Ah, on vous a bien alléchés, eh bien, point de règles, quelques principes certes. Mais les génies ne se plient pas aux recettes, ils inventent.
Reprenons trois des incipit les plus célèbres, puis on proposera un cadre de reflexion pour aborder les premières lignes de son roman.
Camus : La plus déroutante
Aujourd’hui, maman est morte. Ou peut-être hier, je ne sais pas.
L’évènement d’une vie est énoncé comme une badinerie. Cette phrase est un précipice. Elle est à la fois insolite, déplacée, absurde.
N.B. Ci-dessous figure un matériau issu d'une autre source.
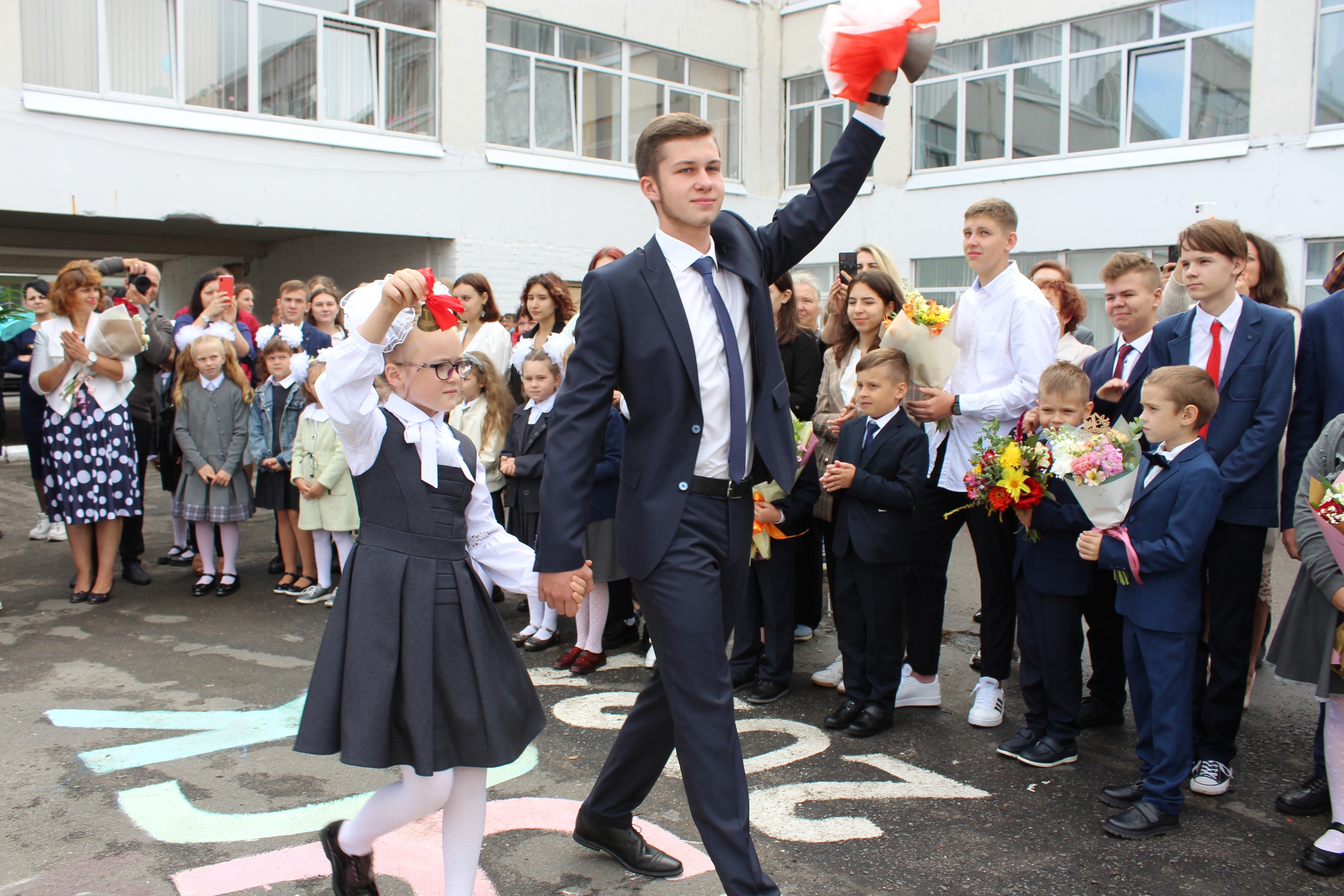 Наступило время первого школьного звонка. Это почетное право было предоставлено учащемуся 11 «А» класса, отличнику учебы, степендиату главы Карачевского района Артему Логвинову и первокласснице Кире Ореховой.

L’intimité et la distance sont mêlées à l'éxtrême pour faire de cet incipit historique une bombe qui affame le lecteur
Tolstoï : la plus ambitieuse
Les familles heureuses se ressemblent toutes ; les familles malheureuses sont malheureuses chacune à leur façon.
On sent la volonté d’embrasser le monde, la Société, la famille, la nation, l’univers et d'en faire un dicton, une morale. On annonce une saga, des destinées… L’histoire du monde ne suffira pas à couvrir la promesse de cet incipit. C’est presque Dieu qui énonce ses vérités.
Nabokov : la plus passionnelle
Lolita, lumière de ma vie, feu de mes reins. Mon péché, mon âme. Lo-li-ta : le bout de la langue fait trois petits bonds le long du palais pour venir, à trois, cogner contre les dents. Lo. Li.Ta.
La sexualité, la passion, l’enfance sont là pour évoquer tous les interdits, les souffrances exquises que l’auteur va (nous faire) vivre. Et puis il y a ce rythme, : LO-Li-ta qui fait claquer la langue, comme une gourmandise joyeuse et défendue.